文窗小说 > 综合其他 > 过山河 >
        越清的手渐渐收紧,直把新开的花攥碎在手心,嫣红花汁渗出,那颜色漂亮到让他晃了神。

        可把手放开后看着满手的残花,他又有些后悔,辛辛苦苦花了不少功夫,怎么刚开出花来就被他自己给糟蹋了呢?

        他在残破的花前站了许久,没关严的门缝里钻进来凉风,驱走残存的温暖气息后又裹上越清的身子。

        越清本就被折煜折腾得过了火,现下披着薄衣受着风吹,后面还含着不少他的东西,心里更是郁结不堪。

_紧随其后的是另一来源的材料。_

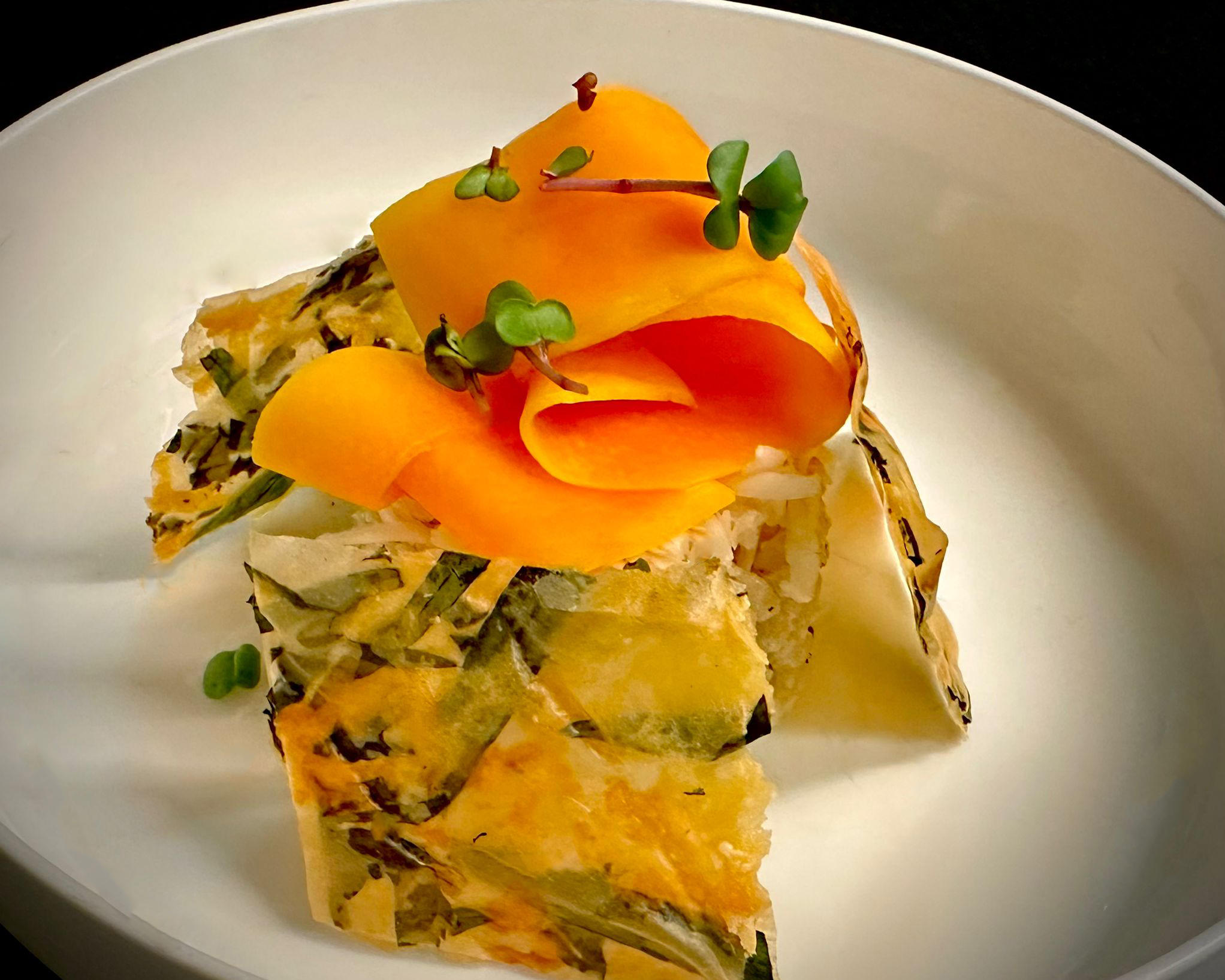 19.Smeer een stukje bakpapier in met olijfolie en leg er een plakje filodeeg op. Verdeel wat van de munt en dragon over het deeg en rasp er wat oude kaas over.
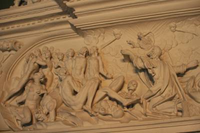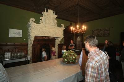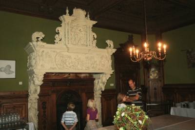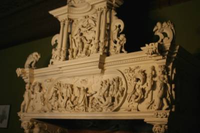 Einer unserer vielen Innenräume schmückt ein 4 m hoher und 2,5 m breiter, aus dem frühen 17. Jahrhundert stammender, prunkvoller Kamin mit Bibelmotiven.

        寒气自身体深处阵阵往外扩,他整个人虚浮浮地打颤,脸颊却是又红又烫。

        越清靠着墙壁,身子慢慢向下滑,他坐到地上,僵硬地抻抻衣襟,他摸了摸自己的额头,觉得烫手,发烧了。

        身上一阵比一阵难受,他再没力气挪动,遂呆坐在地上。

        风大了些,吹开了半扇门,越清抱着膝盖被凉风刺得哆嗦,他含着的白浊因这动作的缘故丝丝缕缕地淌了出来,洇湿了蔽体的袍子,黏腻腻地粘着身体。

        越清胸中猛地腾起一丝委屈,撬起眼皮盯着大敞的门,喉咙发紧。

        四下忽多了几分陌生的气息,胸口旧伤似被牵动,冷冽寒意穿透骨髓,越清的神经骤然紧绷——是寒羽剑,是……成沅……

        果然,一片纹饰繁复的衣角晃过,成沅立在门外居高临下地望向越清,眼底闪过一丝嘲弄。